A question central to this study was what drives the expression of seed-specific DMV genes in seeds, or what drives their repression at other stages of development. Histone modifications are thought to contribute to the activation or repression of transcription . Thus, we investigated the profiles of active and repressive histone marks and observed a striking enrichment within DMVs. Significantly, we discovered that many peaks of differential histone marks between leaves and endosperm are also substantially enriched within DMVs, suggesting that DMVs may have important contributions to the positioning and rearrangement of histone modifications during seed formation and development. Seed-specific DMV genes, including master regulators mentioned above, tended to have high levels of active histone modifications (e.g., H3K4me3, H3K36me3, H3K27ac, K3K9ac) and quite low levels of repressive histone modification (H3K27me3) marks in the endosperm relative to leaves, as expected, while constitutively expressed genes exhibited no obvious changes in any of the histone modifications tested here. Overall, our analyses suggest that DMVs are usually marked by histone modifications, and the reconfiguration of histone modifications within DMVs plays a critical role in the regulation of seed-specific genes, especially master developmental regulators.

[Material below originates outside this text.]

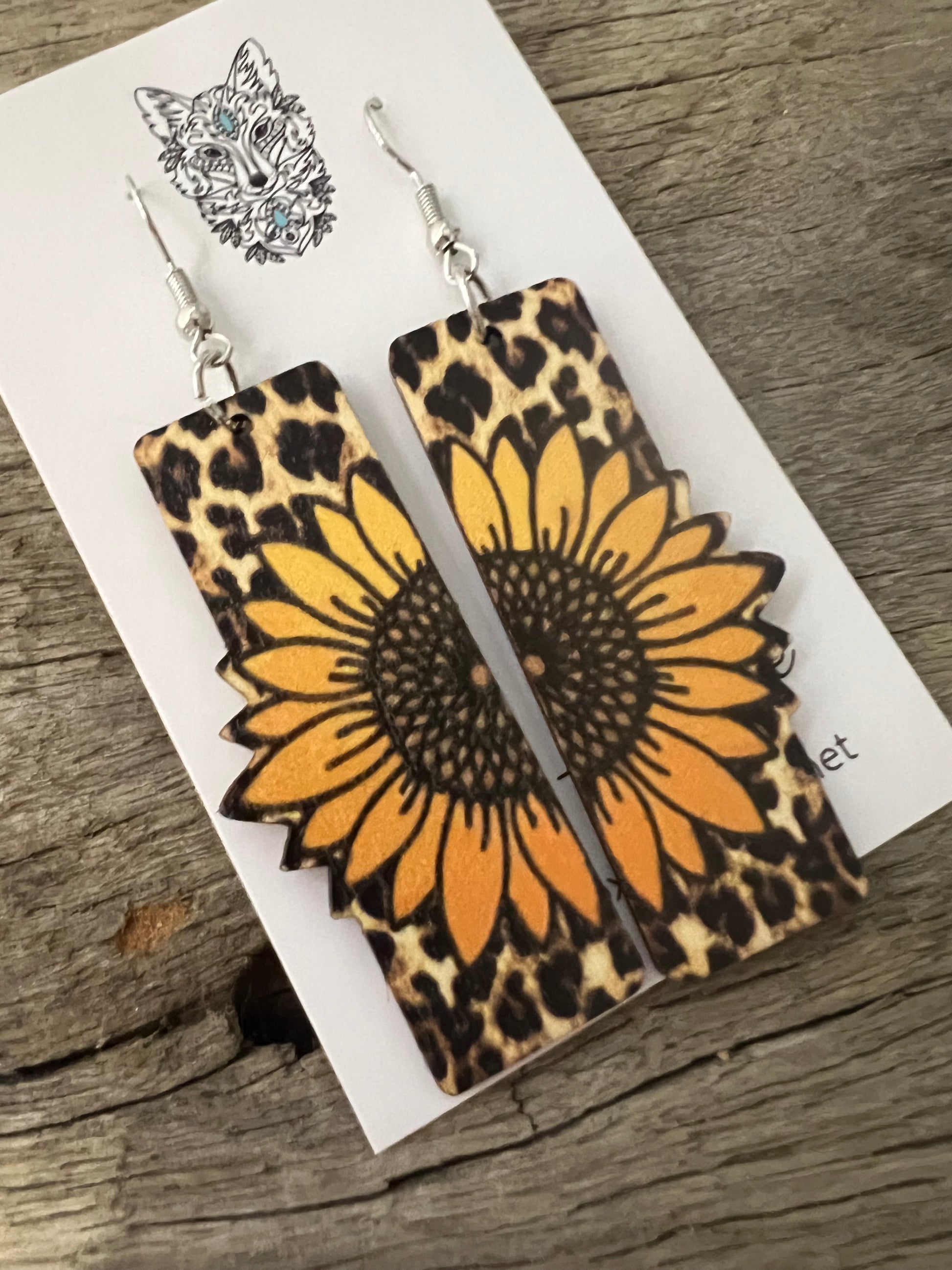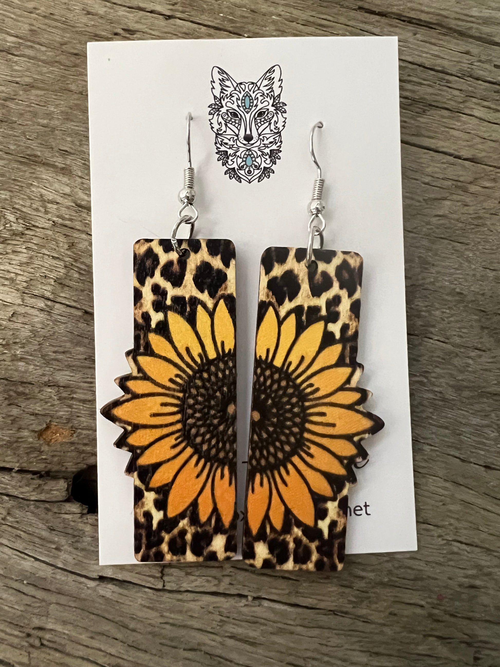 Sunflower Leopard Rectangular Natural Wood Earrings

We performed an integrated analysis of transcriptome sequencing, whole-genome bisulfite sequencing, and ChIP-seq of histone modifications and provided a comprehensive understanding of the activity of seed-specific genes and the molecular basis of seed/endosperm development in castor bean. In particular, we revealed the crucial role of DMVs in the regulation of key seed regulators in castor bean, especially as cis-acting elements like enhancers. This large dataset will serve as a foundation for understanding the precise regulatory mechanisms underlying seed development in castor bean and other important crops.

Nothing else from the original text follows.